The genes involved in the top two modules were further subjected to GO and KEGG enrichment analysis. GO and KEGG pathway analyses are two important bioinformatics tools that systematically provide insight into how DEGs, including hub genes, exert their biological functions. Therefore, the functions of DEGs in PTE may be predicted using those GO and KEGG pathway analyses. The genes in top module 1 were significantly enriched in the GO terms ‘macromolecule localization’, ‘response to organic substance’, ‘positive regulation of immune system process’, ‘plasma lipoprotein particle’, ‘lipoprotein particle’, ‘protein-lipid complex’, ‘low-density lipoprotein particle binding’, ‘lipoprotein particle binding’ and ‘protein-lipid complex binding’. In the KEGG pathway analysis, the terms ‘rheumatoid arthritis’, ‘malaria’ and ‘inflammatory bowel disease’ were significantly enriched (Table VII). The genes in top module 2 were mainly enriched in the GO terms ‘leukocyte activation’, ‘immune response’, ‘cell activation’, ‘myosin complex’, ‘external side of plasma membrane’, ‘myofibril, motor activity’, ‘calcium ion binding’ and ‘structural constituent of muscle’ and in the KEGG pathway terms ‘TLR signaling pathway’ and ‘rheumatoid arthritis’ (Table VIII). The enrichment analysis results for modules 1 and 2 are presented in Fig. 5. The common hub genes in the PPI network and those in modules 1 and 2 were TLR4, TLR2, IL-1β, JUN, PTGS2, SPP1 and ET-1. Boxplots indicating the expression levels are presented in Fig. 6.
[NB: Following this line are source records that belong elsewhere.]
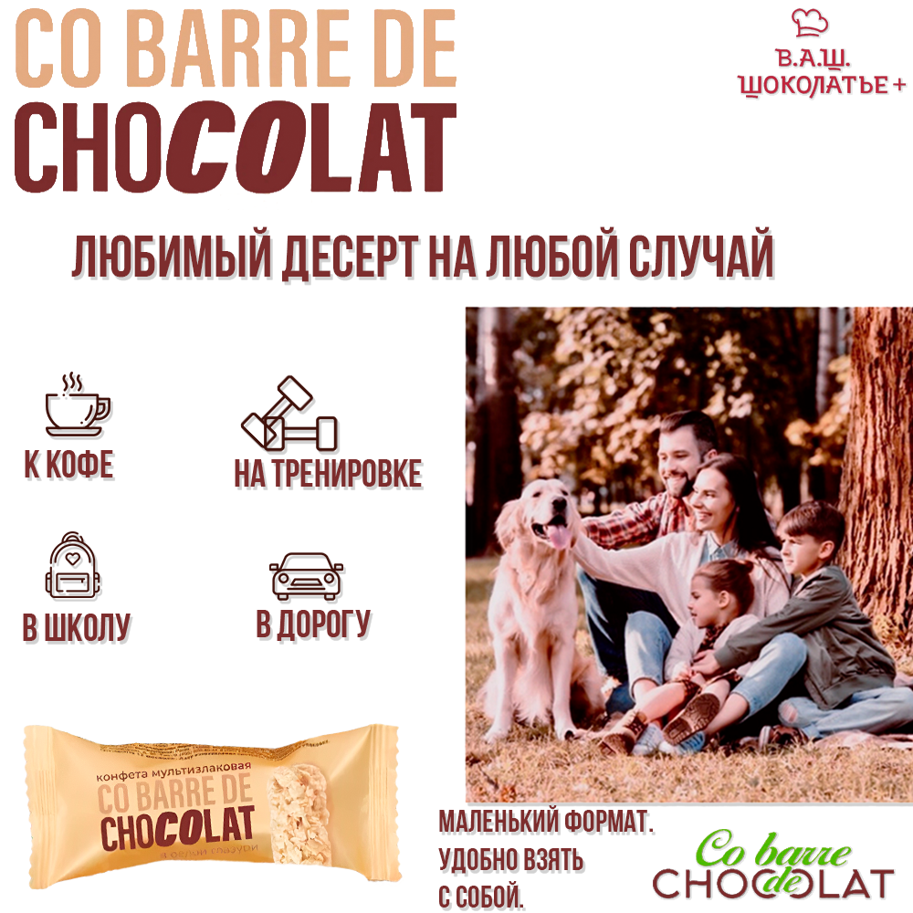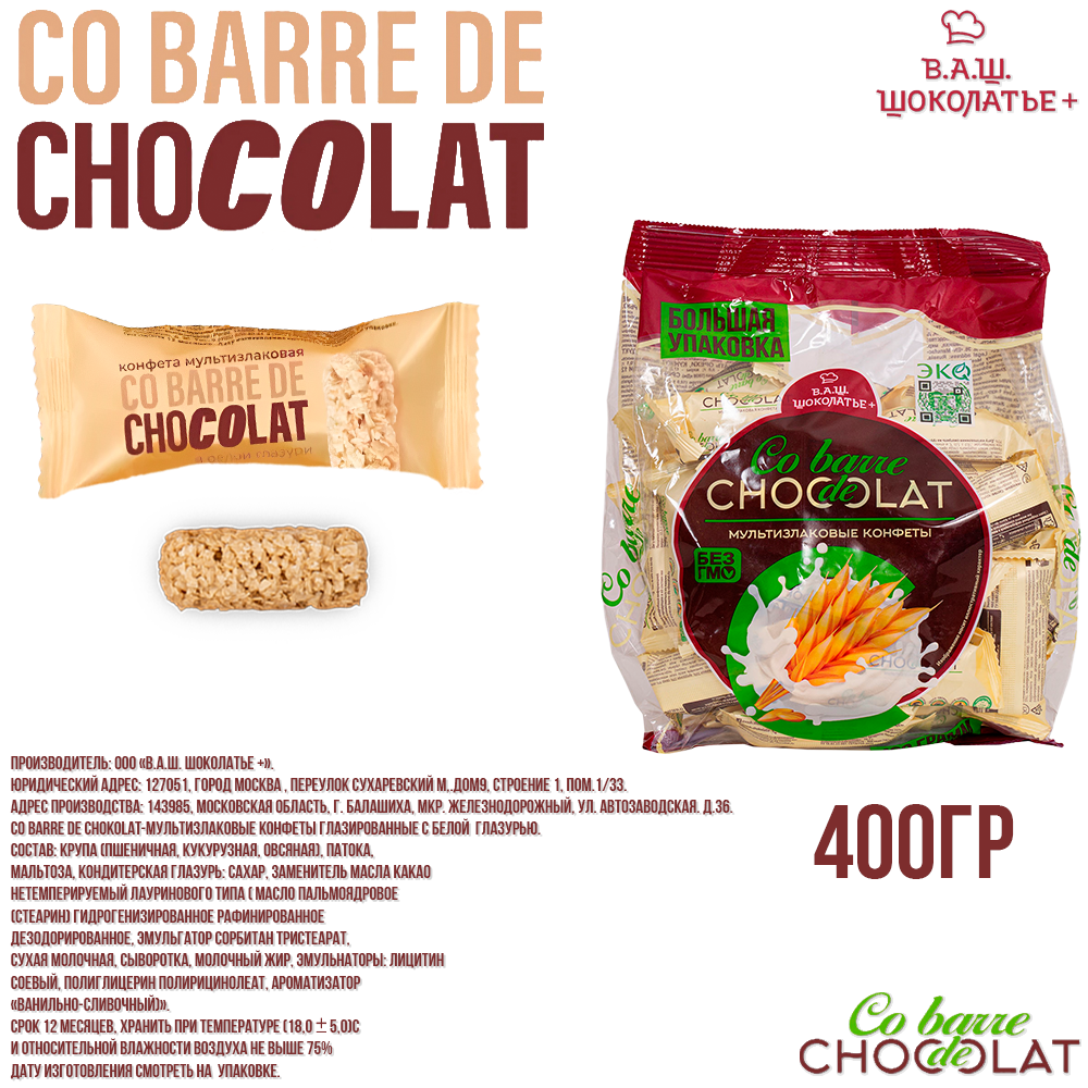 Конфеты В.А.Ш. Шоколатье Co barre de Chocolat (Кобардье) мультизлаковые с белой глазурью, 400 г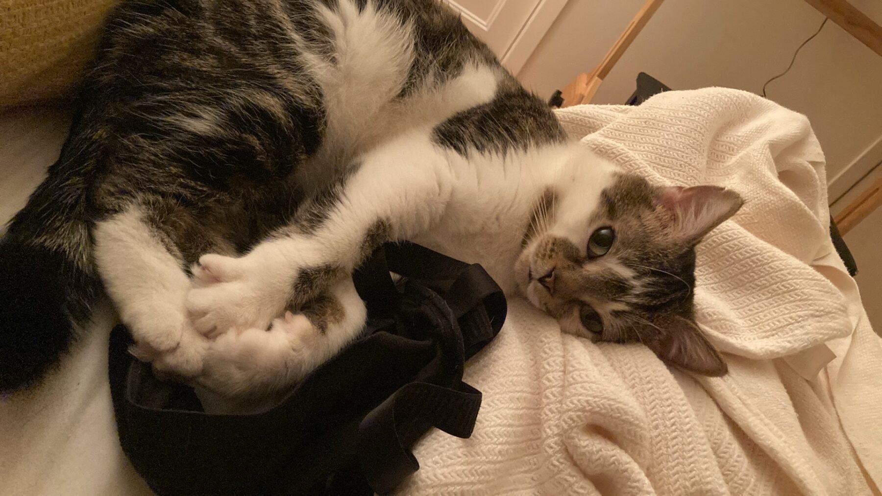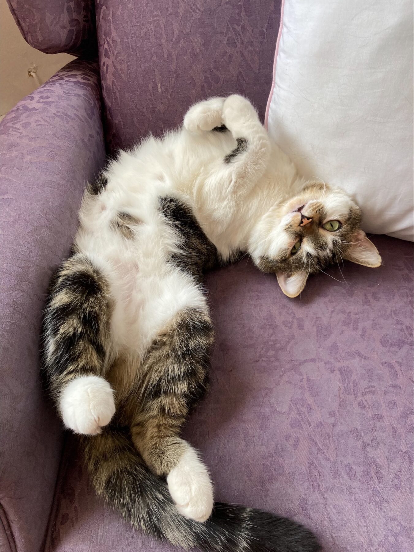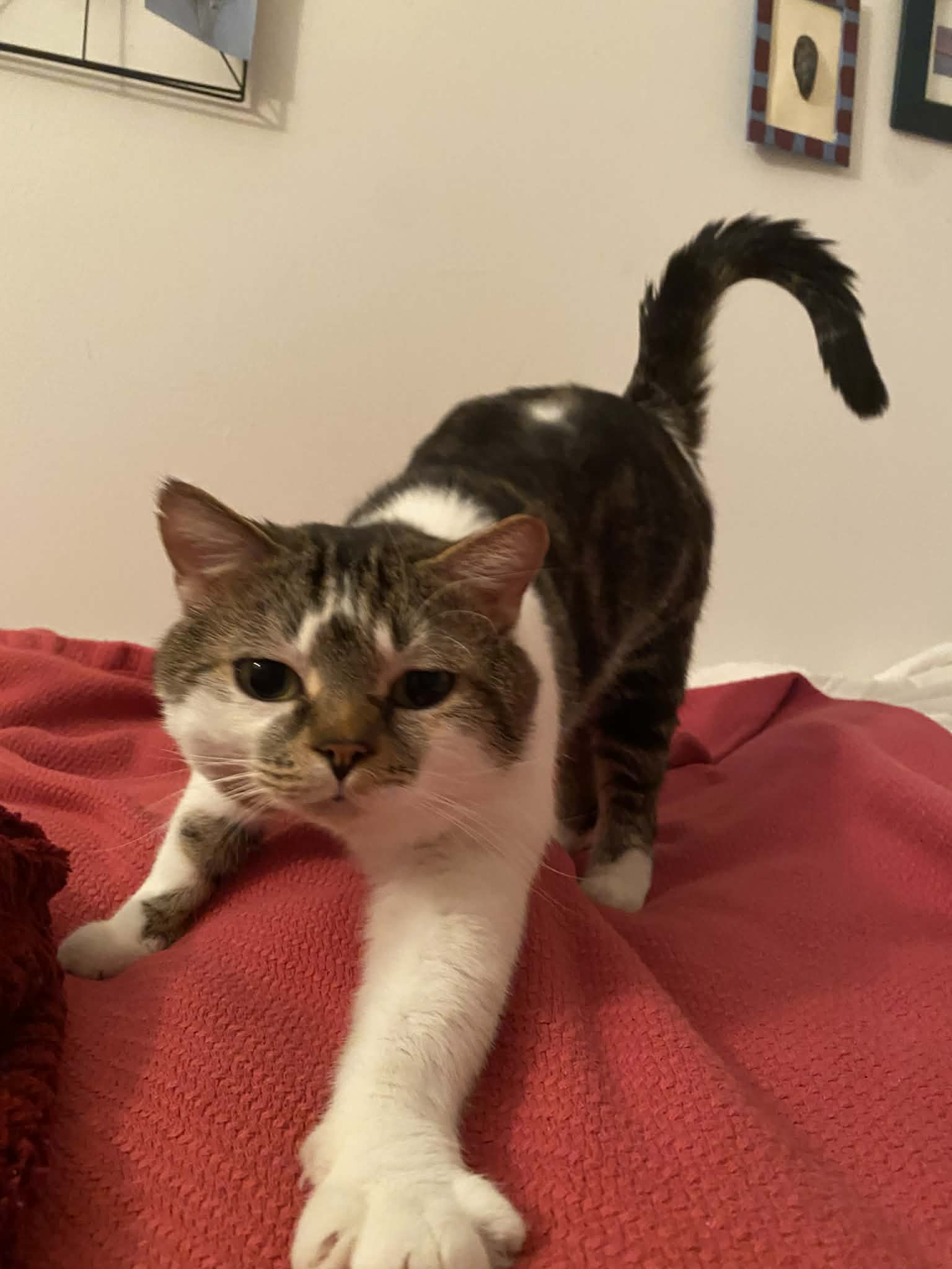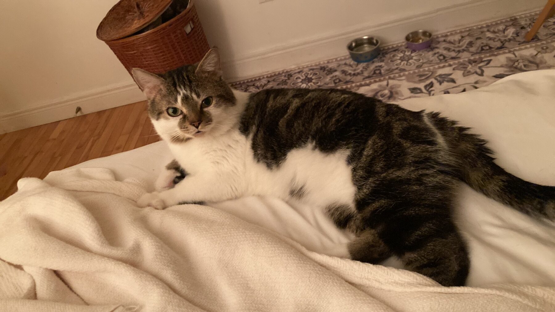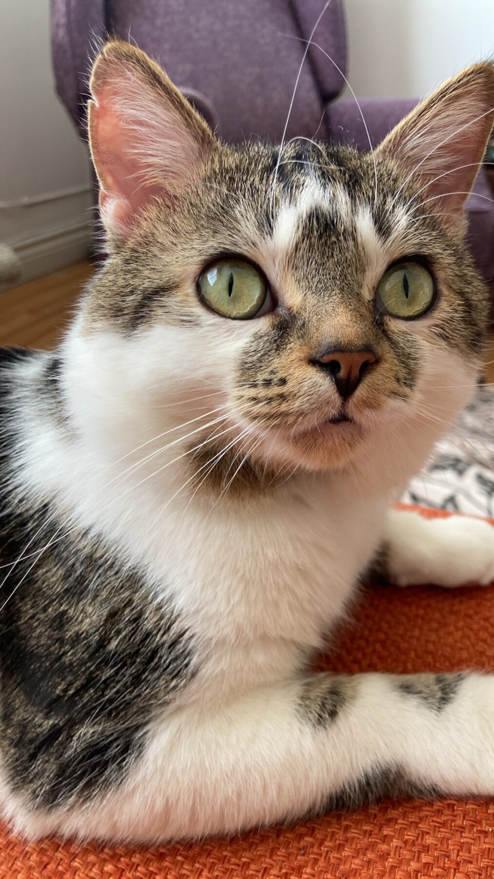 Jumbo est un chat tellement doux, affectueux et gentil! De tempérament zen et rigolo avec ses petits «miaw» tout doux quand il jase . C’est très drôle quand il a des « zoomies » puisque cela contraste avec son tempérament zen. Il aime beaucoup manger, le bol ralentisseur l’aide à manger plus tranquillement. Il aime être près de nous, et apprécie la compagnie de tous. Tous ceux qui sont venus en visite à la maison de sa famille d’accueil sont tombés amoureux.se de lui. C’est un très bon chat, super facile à vivre, il est simplement content d’être là et de recevoir de l’amour.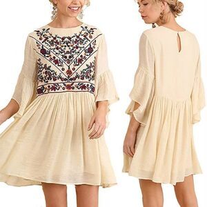 Boho Bliss Cream Floral Embroidered Flare Sleeve dress by Umgee.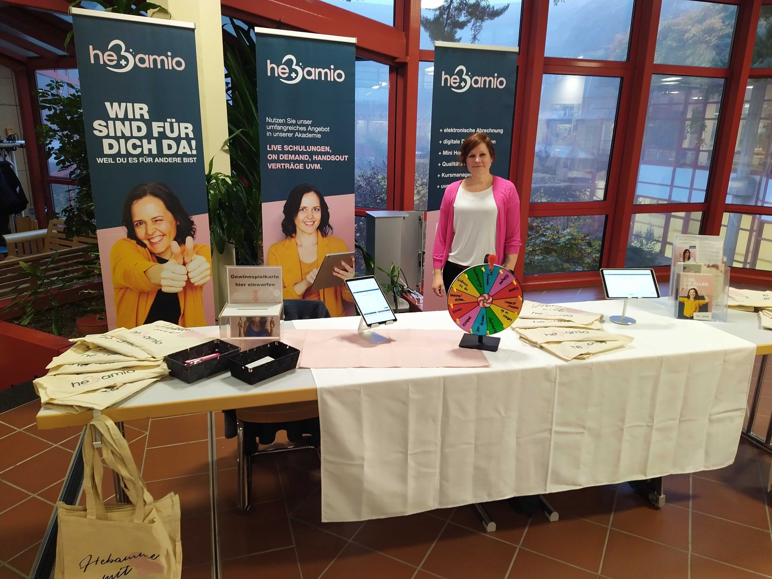 Die nächsten interessierten Kolleginnen kamen auf mich zu, nutzten fleißig die Tablets, um Hebamio und seine Funktionen selbst kennenzulernen, erfreuten sich über meine Berichte aus dem Arbeitsalltag mit Hebamio. Und drehten natürlich auch eine Runde am Glücksrad, um sich ein kleines Präsent mitzunehmen.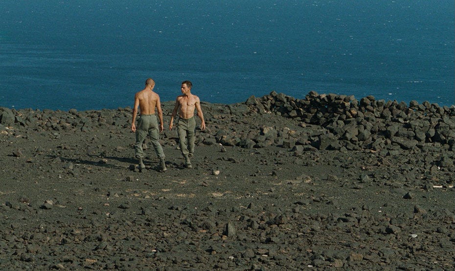 I realized after watching this film that I love military films, not the action ones that glorify violence like Rambo, but the ones that explore the futility of war and the male ego (and its fragility) through the most “manly” institution in society, from The Iliad to the present day. Throughout the movie, I had the feeling that something very strange and very gay was going on, but I didn't know (and still don't know) exactly what; it's all so subtle and quiet that you have to pay close attention to capture the tension that builds up slowly - so slowly that when the end comes and you think nothing has happened, it was actually happening all along. Beau Travail is the story of soldiers from the French legion camped in Djibouti, and commander Galoup's obsessive routine changes with the arrival of soldier Sentain.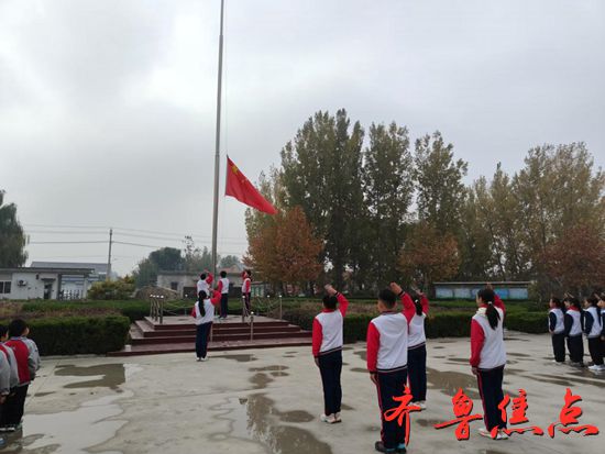 升旗手、护旗手们迈着整齐有力的步伐将国旗护送至升旗台。国歌奏响,全体师生面向国旗行注目礼,少先队员行队礼,气氛庄严而肃穆。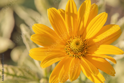 Fototapeta premium Yellow flower macro photo on blurred natural background. Heliopsis in the...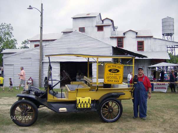 Anton Hajek with his 100 year old 1914 Ford Model T depot hack at the 100 year old cotton gin in Burton, TX, April 2014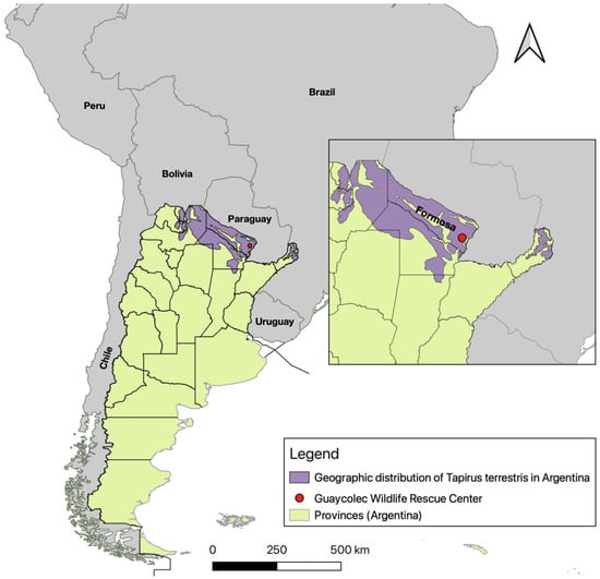 Map of Argentina showing its provinces, neighboring countries, and the location of the Guaycolec Wildlife Rescue Center in Formosa (25°58′55.1″ S, 58°09′42.4″ W). The map also includes the distribution of Tapirus terrestris in Argentina []. The northeastern region of the country is expanded for a more detailed view.

Since the microarray dataset GSE84738 included data from a rabbit model of PTE, it was uncertain whether similar results were able to be obtained from human subjects with PTE. Therefore, the mRNA expression levels of the top seven DEGs were determined in patients with PTE and healthy controls using RT-qPCR analysis. There are no significant differences between the two groups in terms of age, sex distribution and BMI (Table SI). As presented in Fig. 7, the mRNA levels of TLR4, TLR2, IL-1β and SPP1 were significantly upregulated in patients with PTE compared with those in healthy controls. These results were consistent with those obtained by the bioinformatics analysis. The schema of the study is shown in Fig. 8.